SUPPLIED INFORMATION:
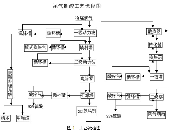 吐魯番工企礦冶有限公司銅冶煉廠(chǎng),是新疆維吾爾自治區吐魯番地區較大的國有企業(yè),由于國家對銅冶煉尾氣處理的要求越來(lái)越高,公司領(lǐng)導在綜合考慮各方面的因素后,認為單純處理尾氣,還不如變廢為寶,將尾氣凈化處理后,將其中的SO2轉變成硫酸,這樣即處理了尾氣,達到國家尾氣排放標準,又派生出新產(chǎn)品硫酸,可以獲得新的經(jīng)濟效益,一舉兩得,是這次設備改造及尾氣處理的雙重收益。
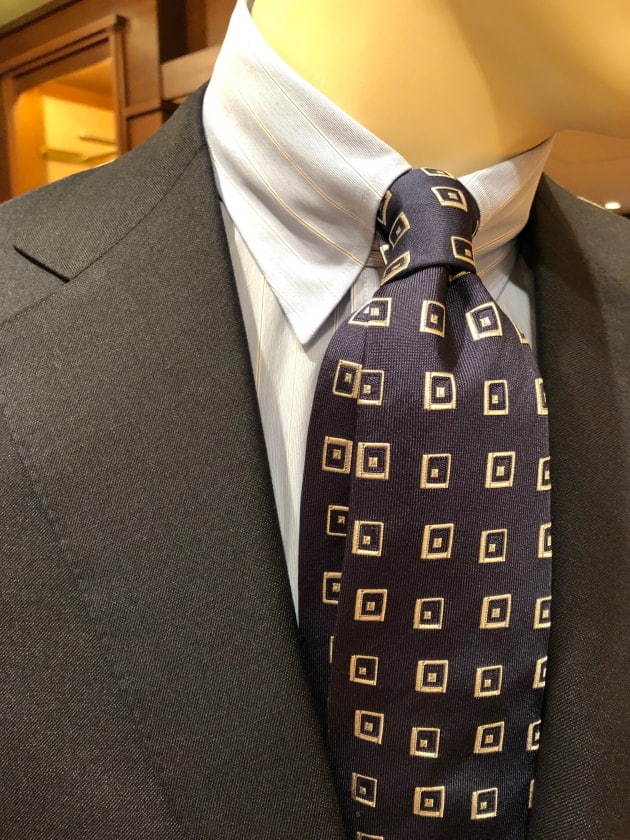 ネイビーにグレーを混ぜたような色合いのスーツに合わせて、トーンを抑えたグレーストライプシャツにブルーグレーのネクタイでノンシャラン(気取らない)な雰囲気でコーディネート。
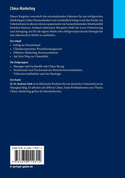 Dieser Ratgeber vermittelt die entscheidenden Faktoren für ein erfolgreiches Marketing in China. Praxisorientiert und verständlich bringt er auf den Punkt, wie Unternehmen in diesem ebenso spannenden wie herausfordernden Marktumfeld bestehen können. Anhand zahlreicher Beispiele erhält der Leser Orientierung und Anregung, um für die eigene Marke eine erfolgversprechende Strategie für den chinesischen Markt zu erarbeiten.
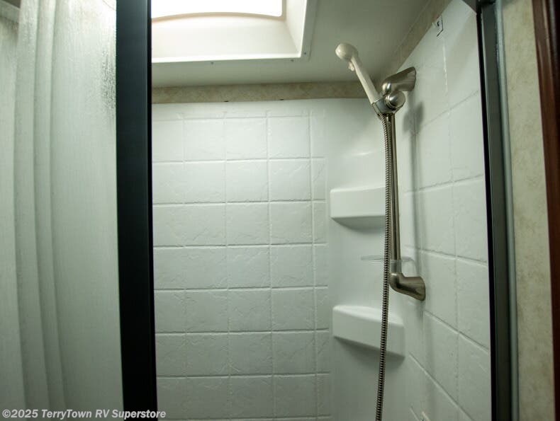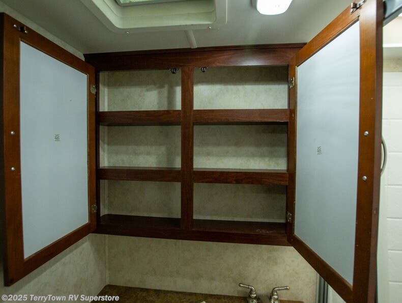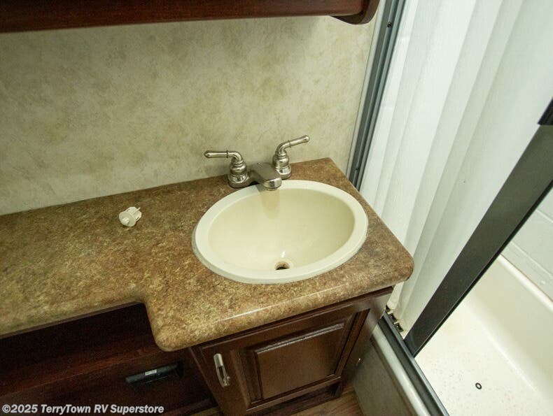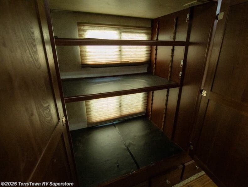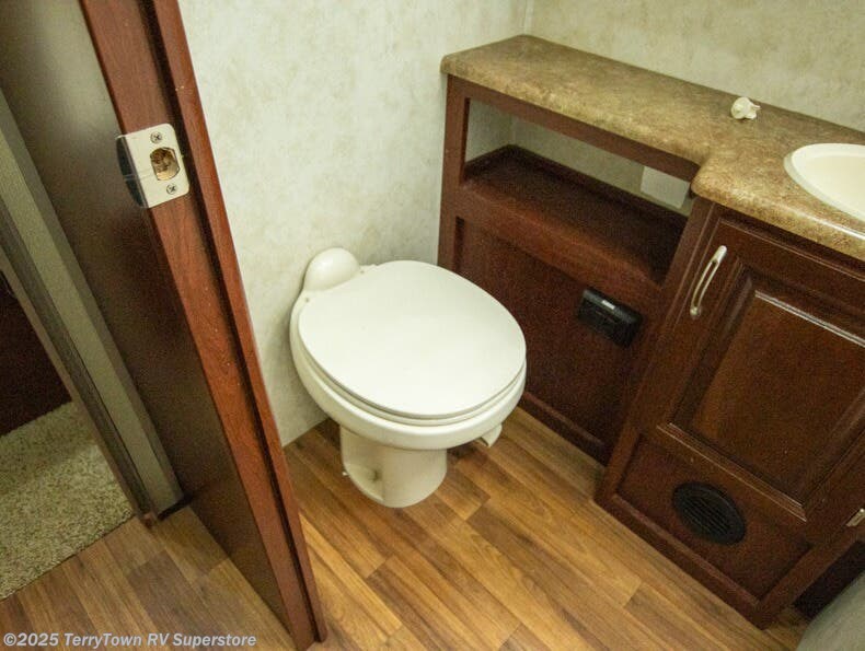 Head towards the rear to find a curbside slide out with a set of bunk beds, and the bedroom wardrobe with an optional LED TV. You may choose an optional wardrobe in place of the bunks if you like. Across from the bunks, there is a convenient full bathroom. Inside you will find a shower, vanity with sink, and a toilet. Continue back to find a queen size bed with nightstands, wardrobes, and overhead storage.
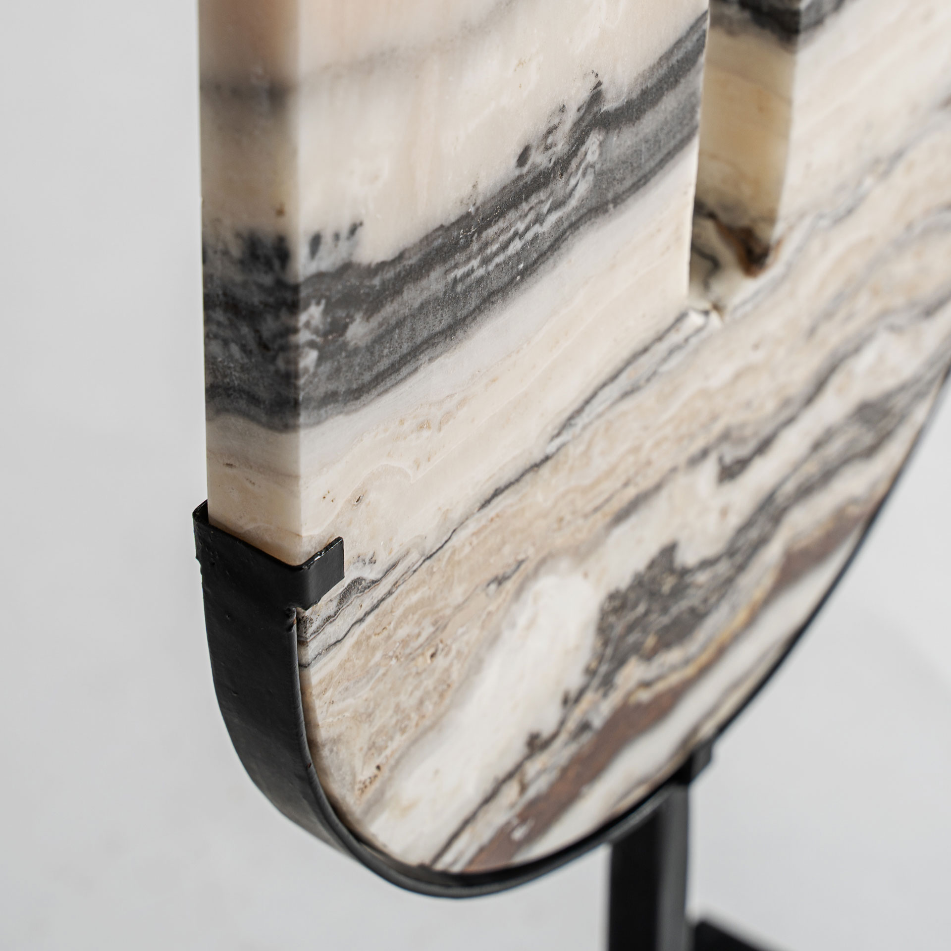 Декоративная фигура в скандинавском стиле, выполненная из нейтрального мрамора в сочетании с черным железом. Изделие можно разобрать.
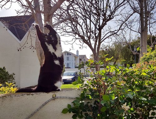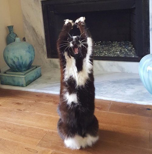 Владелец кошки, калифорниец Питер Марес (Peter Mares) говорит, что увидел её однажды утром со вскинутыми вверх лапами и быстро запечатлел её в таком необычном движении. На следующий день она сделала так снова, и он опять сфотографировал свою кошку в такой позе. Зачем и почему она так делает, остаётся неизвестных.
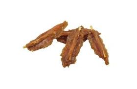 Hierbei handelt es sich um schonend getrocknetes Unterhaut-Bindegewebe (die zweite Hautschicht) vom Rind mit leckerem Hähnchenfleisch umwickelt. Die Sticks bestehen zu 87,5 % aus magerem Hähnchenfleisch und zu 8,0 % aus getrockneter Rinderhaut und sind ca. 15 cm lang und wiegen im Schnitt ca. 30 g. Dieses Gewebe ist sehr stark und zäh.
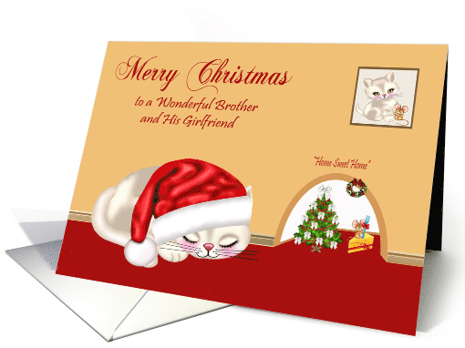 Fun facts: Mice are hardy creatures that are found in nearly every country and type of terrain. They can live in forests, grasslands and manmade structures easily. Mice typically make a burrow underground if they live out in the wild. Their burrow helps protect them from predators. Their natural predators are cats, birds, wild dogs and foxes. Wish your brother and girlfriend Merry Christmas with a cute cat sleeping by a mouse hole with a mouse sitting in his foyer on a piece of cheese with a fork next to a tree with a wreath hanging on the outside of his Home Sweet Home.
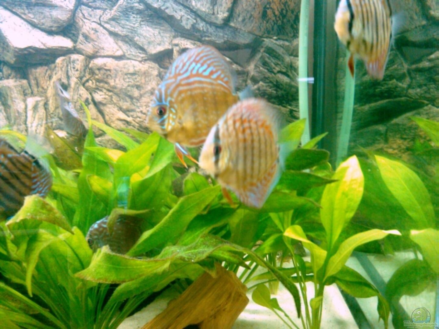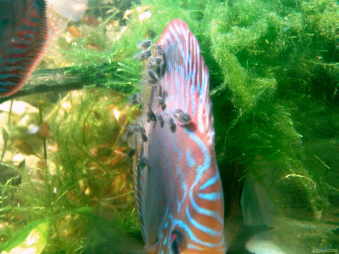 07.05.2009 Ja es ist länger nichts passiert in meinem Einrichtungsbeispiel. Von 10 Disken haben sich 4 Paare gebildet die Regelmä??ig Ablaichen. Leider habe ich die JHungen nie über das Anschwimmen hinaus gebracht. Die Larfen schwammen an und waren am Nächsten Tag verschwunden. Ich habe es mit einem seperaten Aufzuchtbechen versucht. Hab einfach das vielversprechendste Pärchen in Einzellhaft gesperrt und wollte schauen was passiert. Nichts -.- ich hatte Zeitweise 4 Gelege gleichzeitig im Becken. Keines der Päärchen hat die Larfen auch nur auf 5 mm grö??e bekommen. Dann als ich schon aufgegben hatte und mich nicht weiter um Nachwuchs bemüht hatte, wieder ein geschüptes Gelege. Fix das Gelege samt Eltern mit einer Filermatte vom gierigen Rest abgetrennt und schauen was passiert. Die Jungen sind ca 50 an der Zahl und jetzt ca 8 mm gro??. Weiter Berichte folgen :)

WORK TASK: Drop the pictures, then repeat the material word for word.

SOLUTION BELOW:
 吐魯番工企礦冶有限公司銅冶煉廠(chǎng),是新疆維吾爾自治區吐魯番地區較大的國有企業(yè),由于國家對銅冶煉尾氣處理的要求越來(lái)越高,公司領(lǐng)導在綜合考慮各方面的因素后,認為單純處理尾氣,還不如變廢為寶,將尾氣凈化處理后,將其中的SO2轉變成硫酸,這樣即處理了尾氣,達到國家尾氣排放標準,又派生出新產(chǎn)品硫酸,可以獲得新的經(jīng)濟效益,一舉兩得,是這次設備改造及尾氣處理的雙重收益。
 ネイビーにグレーを混ぜたような色合いのスーツに合わせて、トーンを抑えたグレーストライプシャツにブルーグレーのネクタイでノンシャラン(気取らない)な雰囲気でコーディネート。
 Dieser Ratgeber vermittelt die entscheidenden Faktoren für ein erfolgreiches Marketing in China. Praxisorientiert und verständlich bringt er auf den Punkt, wie Unternehmen in diesem ebenso spannenden wie herausfordernden Marktumfeld bestehen können. Anhand zahlreicher Beispiele erhält der Leser Orientierung und Anregung, um für die eigene Marke eine erfolgversprechende Strategie für den chinesischen Markt zu erarbeiten.
 Head towards the rear to find a curbside slide out with a set of bunk beds, and the bedroom wardrobe with an optional LED TV. You may choose an optional wardrobe in place of the bunks if you like. Across from the bunks, there is a convenient full bathroom. Inside you will find a shower, vanity with sink, and a toilet. Continue back to find a queen size bed with nightstands, wardrobes, and overhead storage.
 Декоративная фигура в скандинавском стиле, выполненная из нейтрального мрамора в сочетании с черным железом. Изделие можно разобрать.
 Владелец кошки, калифорниец Питер Марес (Peter Mares) говорит, что увидел её однажды утром со вскинутыми вверх лапами и быстро запечатлел её в таком необычном движении. На следующий день она сделала так снова, и он опять сфотографировал свою кошку в такой позе. Зачем и почему она так делает, остаётся неизвестных.
 Hierbei handelt es sich um schonend getrocknetes Unterhaut-Bindegewebe (die zweite Hautschicht) vom Rind mit leckerem Hähnchenfleisch umwickelt. Die Sticks bestehen zu 87,5 % aus magerem Hähnchenfleisch und zu 8,0 % aus getrockneter Rinderhaut und sind ca. 15 cm lang und wiegen im Schnitt ca. 30 g. Dieses Gewebe ist sehr stark und zäh.
 Fun facts: Mice are hardy creatures that are found in nearly every country and type of terrain. They can live in forests, grasslands and manmade structures easily. Mice typically make a burrow underground if they live out in the wild. Their burrow helps protect them from predators. Their natural predators are cats, birds, wild dogs and foxes. Wish your brother and girlfriend Merry Christmas with a cute cat sleeping by a mouse hole with a mouse sitting in his foyer on a piece of cheese with a fork next to a tree with a wreath hanging on the outside of his Home Sweet Home.
 07.05.2009 Ja es ist länger nichts passiert in meinem Einrichtungsbeispiel. Von 10 Disken haben sich 4 Paare gebildet die Regelmä??ig Ablaichen. Leider habe ich die JHungen nie über das Anschwimmen hinaus gebracht. Die Larfen schwammen an und waren am Nächsten Tag verschwunden. Ich habe es mit einem seperaten Aufzuchtbechen versucht. Hab einfach das vielversprechendste Pärchen in Einzellhaft gesperrt und wollte schauen was passiert. Nichts -.- ich hatte Zeitweise 4 Gelege gleichzeitig im Becken. Keines der Päärchen hat die Larfen auch nur auf 5 mm grö??e bekommen. Dann als ich schon aufgegben hatte und mich nicht weiter um Nachwuchs bemüht hatte, wieder ein geschüptes Gelege. Fix das Gelege samt Eltern mit einer Filermatte vom gierigen Rest abgetrennt und schauen was passiert. Die Jungen sind ca 50 an der Zahl und jetzt ca 8 mm gro??. Weiter Berichte folgen :)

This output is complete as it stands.